# Wavelengths: Length between 2nd-order fringes

## Homework Statement

Light of wavelenghs 4.80x10^2 nm and 632nm passes through two slits 0.52 mm apart. How far apart are the second-order fringes on a screen 1.6m away?

λ₁ = 4.80x10^2 nm = 4.80x10^-7m
λ₂ = 6.32x10^-7m
d = 0.52mm = 5.2x10^-4m
n = 2
L = 1.6

## Homework Equations

(Maxima/Bright)
x/L = nλ/d
(Minima/Dark)
x/L = (n - 1/2)λ/d

*subscript of X would be n in both cases

△x = | x₁ - x₂ |

## The Attempt at a Solution

I wasn't so sure which of the two formulas I would be using because there doesn't seem to be a clear indication as to whether or not it's bright/dark (this was what I mainly struggled with).

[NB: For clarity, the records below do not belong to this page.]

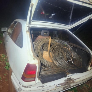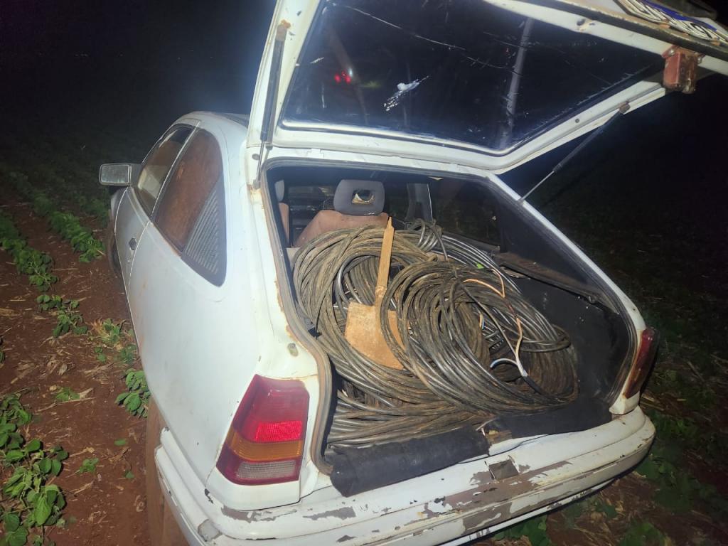 Durante a vistoria, foram encontrados fios elétricos e ferramentas no porta-malas do carro, materiais que podem ter sido utilizados em furtos.
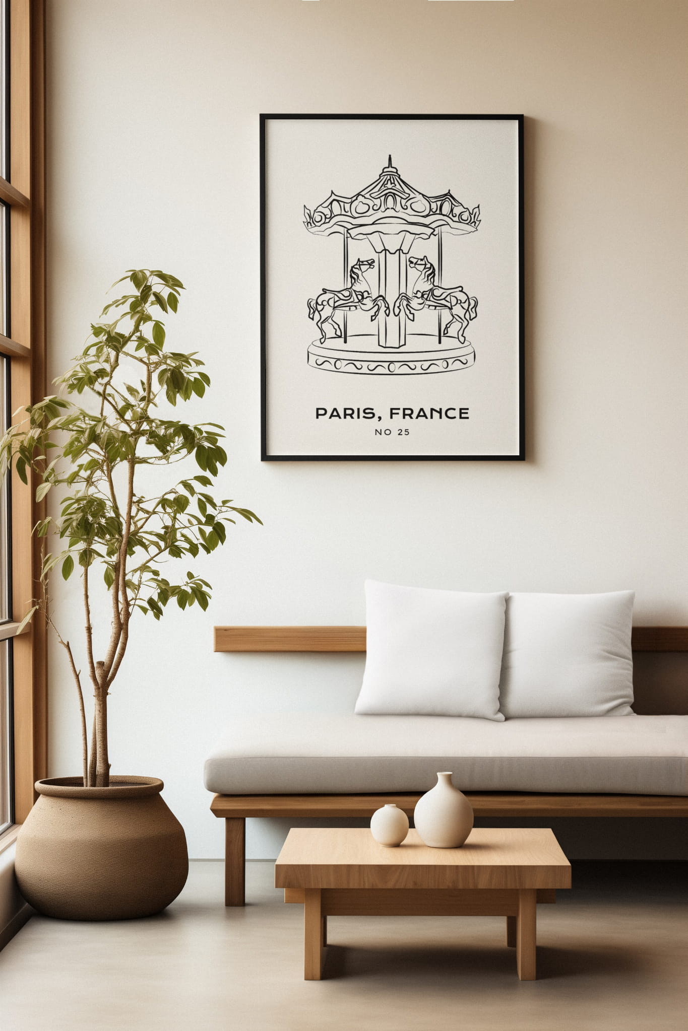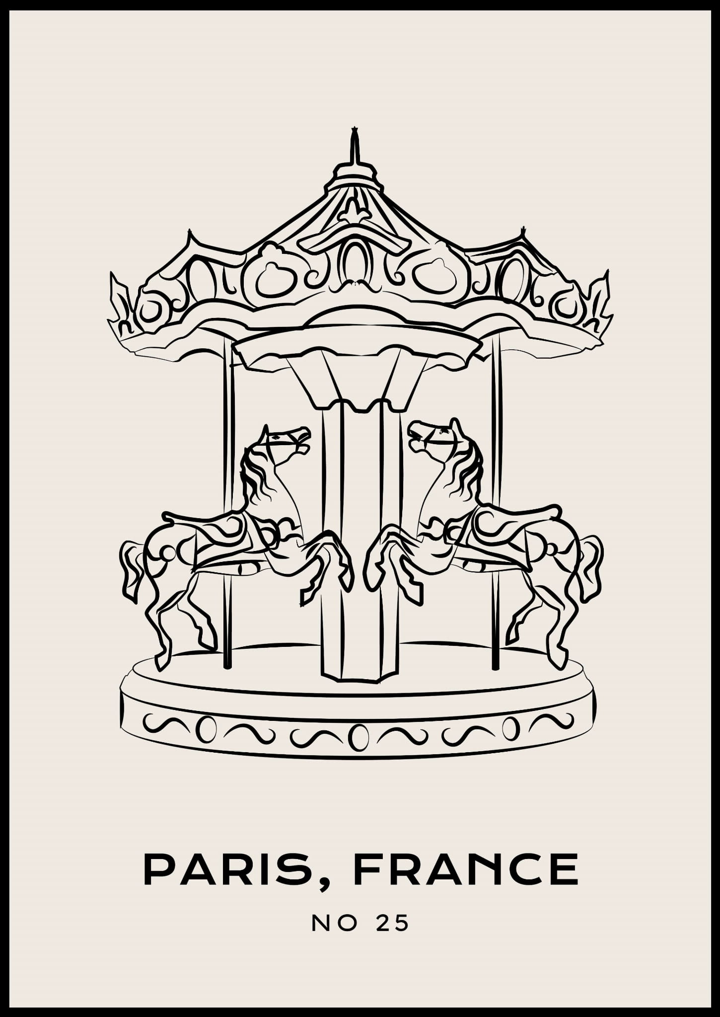 Ilustracja przedstawia czarny kontur klasycznej karuzeli z końmi na jasnym tle.
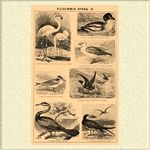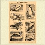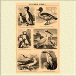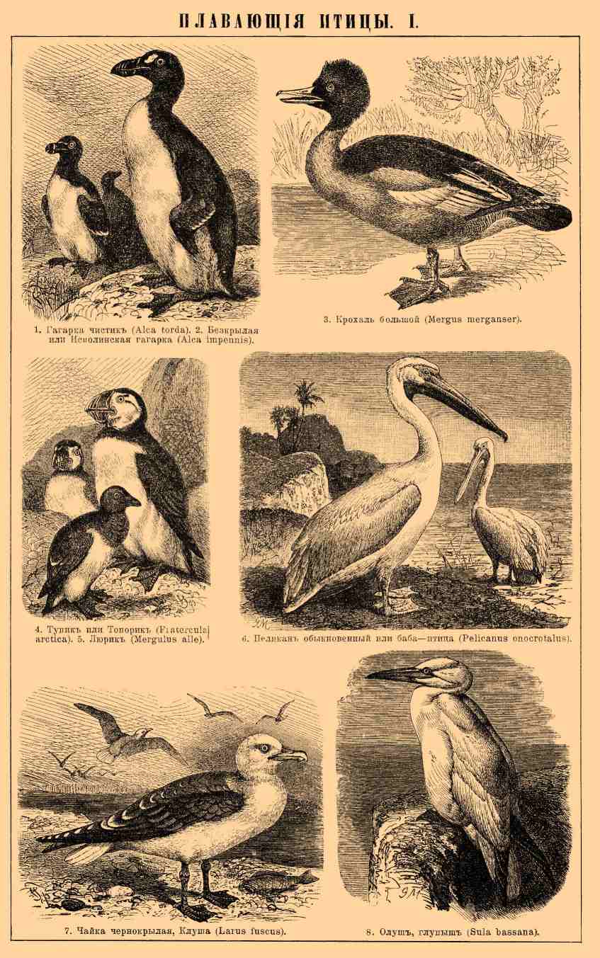 1. Гагарка чистик (Alca torda). 2. Бескрылая или исполинская гагарка (Alca impennis). 3. Крохаль большой (Mergus merganser). 4. Тупик или Топорик (Fratercula arctica). 5. Люрик (Mergulus alle). 6. Пеликан обыкновенный или баба-птица (Pelicanus onocrotalus). 7. Чайка чернокрылая. Клуша (Larus fuscus). 8. Олуш, глупыш (Sula bassana).
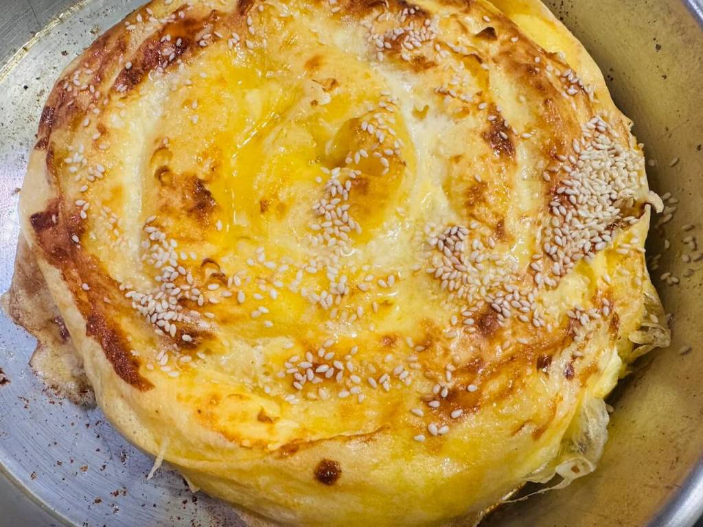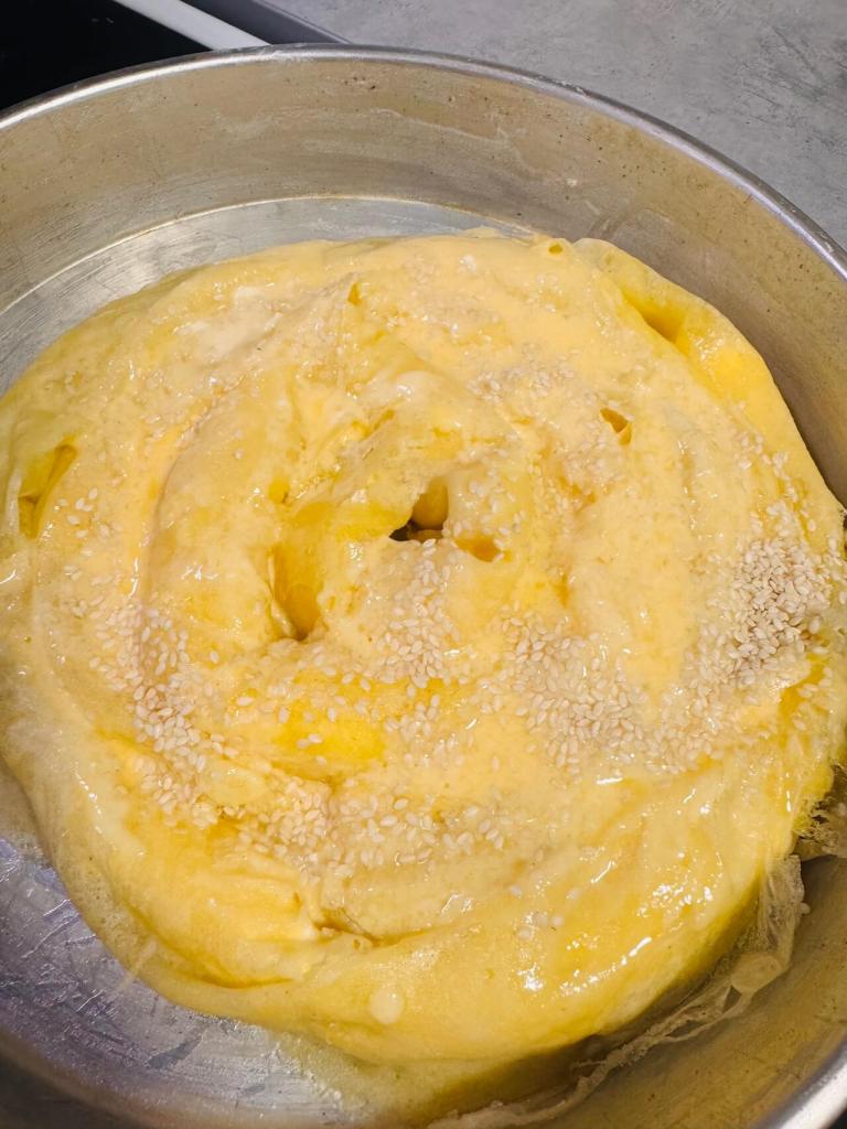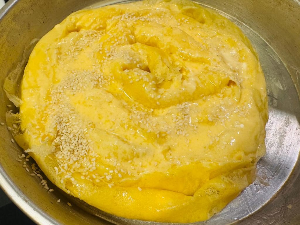 Kada ste završili napravite preliv za pitu od jednog jajeta, malo soli i one polovine pavlake, koja vam je ostala od fila. Prelila sam pitu i stavila preko malo susama.
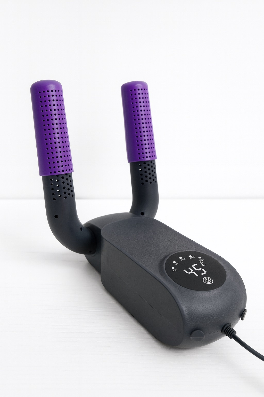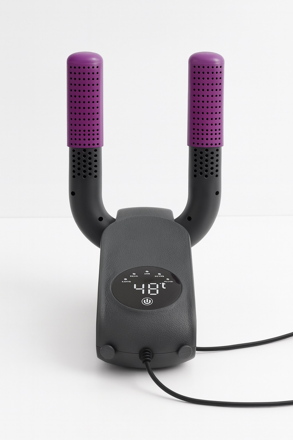 Specjalnie zaprojektowane dysze wylotowe zapewniają intensywny, ale bezpieczny strumień ciepła, który wnika głęboko w buty i skutecznie usuwa wilgoć w krótkim czasie. Stała temperatura chroni materiał i nie powoduje przegrzania.
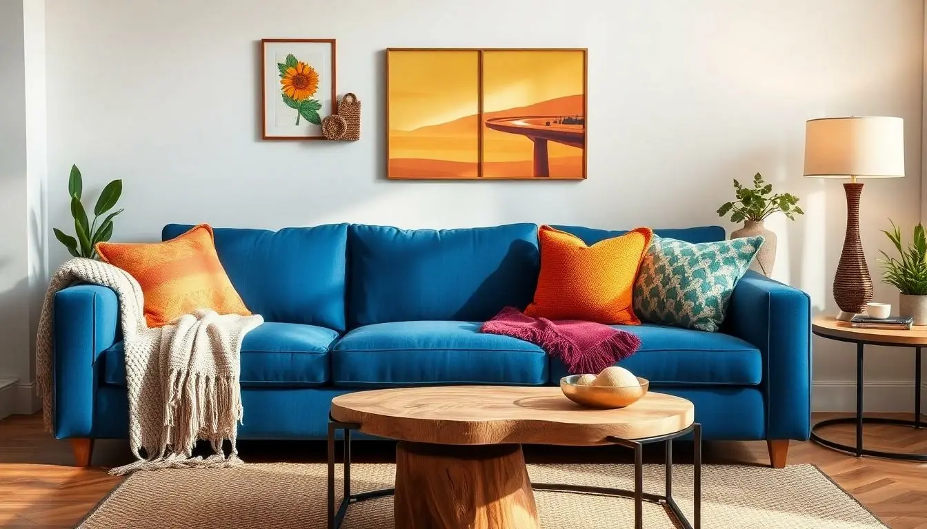 Eclectic living rooms showcase vibrant personality through mixed styles. A blue couch serves as a dynamic centerpiece, inviting creativity. Bold patterns on surrounding textiles can play off the couch’s color, ensuring a harmonized yet playful feel. Accessories like an ornate coffee table or whimsical art pieces offer unexpected contrasts. This style celebrates diversity, encouraging unique combinations that reflect individual tastes.
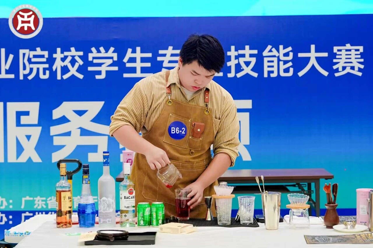 本次大赛由广东省教育厅主办,广州华商职业学院承办,立足高职旅游大类专业人才培养需求,搭建综合竞赛平台,彰显职业教育服务产业发展的价值。赛项由技能测试和综合展示两个模块组成,其中技能测试模块共有烈酒品鉴与营销活动方案设计、侍酒服务、鸡尾酒调制与服务三个项目,涵盖旅游大类专业酒水教学的核心技能、职业素养,强调工作过程的规范化、实境化、流程化、职业化,着重考核参赛选手在酒水服务过程中的综合素质及能力,紧密贴合粤港澳大湾区餐饮行业对高技能人才的实际需求。
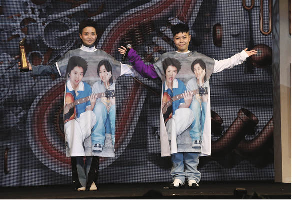 剛舉行演唱會的at17,當晚亦得到叱咤十大,孖妹以特別造型上台。
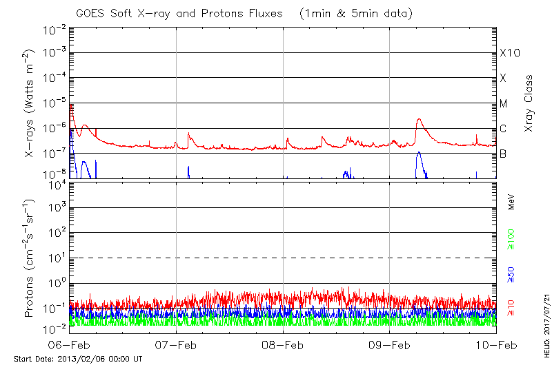 This page provides light-curves generated from GOES soft X-ray and Particle data for the date indicated at the top and the preceding three days.

I tried using both but I don't understand if either of them are correct. I rearranged for x in both equations (moving the L variable to the right) and repeated it for each wavelength:

(A) Using dark:
x₁ = ((2 - 1/2)(4.80x10^-7)(1.6))/5.2x10^-4
x₁ = 2.2x10^-3m

x₂ = (2 - 1/2)(6.32x10^-7)(1.6))/5.2x10^-4
x₂ = 2.9x10^-3 m

△x = | 2.2x10^-3 - 2.9x10^-3 |
△x = 7.0x10^-4 m

(B) Using bright:
x₁ = ((2)(4.80x10^-7)(1.6))/5.2x10^-4
x₁ = 3.0x10^-3 m

x₂ = ((2)(1.6)(6.32x10^-7))/5.4x10^4
x₂ = 3.9x10^-3 m

△x = | 3.0x10^-3 - 3.9x10^-3 |
△x = 9.0x10^-4 m

They aren't too far off. I don't quite trust the textbook solutions since plenty of wavelength-related solutions were wrong. They did, however, use the formula for wavelengths with dark fringes...

## Answers and Replies

kuruman
Science Advisor
Homework Helper
Gold Member
If neither "bright" nor "dark" is explicitly mentioned, I would assume "bright", but that's my personal interpretation. Also, for better accuracy, I would first find an algebraic formula for Δx using just symbols and then put in the numbers.

Last edited:
I would first find an algebraic formula for Δx using just symbols and then put in the numbers.
Would that mean something like this?
Δx/L = λ/d
Δx = Lλ/d

kuruman
Science Advisor
Homework Helper
Gold Member
Would that mean something like this?
Δx/L = λ/d
Δx = Lλ/d
Not really, what happened to the ##n## in the expression? You need two expressions, one for each wavelength. It helps being organized.
1. For wavelength 1 you have ##x_1=nL\lambda_1/d##.
2. Write a similar expression for ##x_2##.
3. Find an algebraic expression for the difference ##x_2-x_1## for the second order fringes.
4. Put in the numbers.

On edit: My earlier statement that it doesn't matter if you use dark or bright fringes is incorrect. It does make a difference if the wavelengths are different. I edited that statement.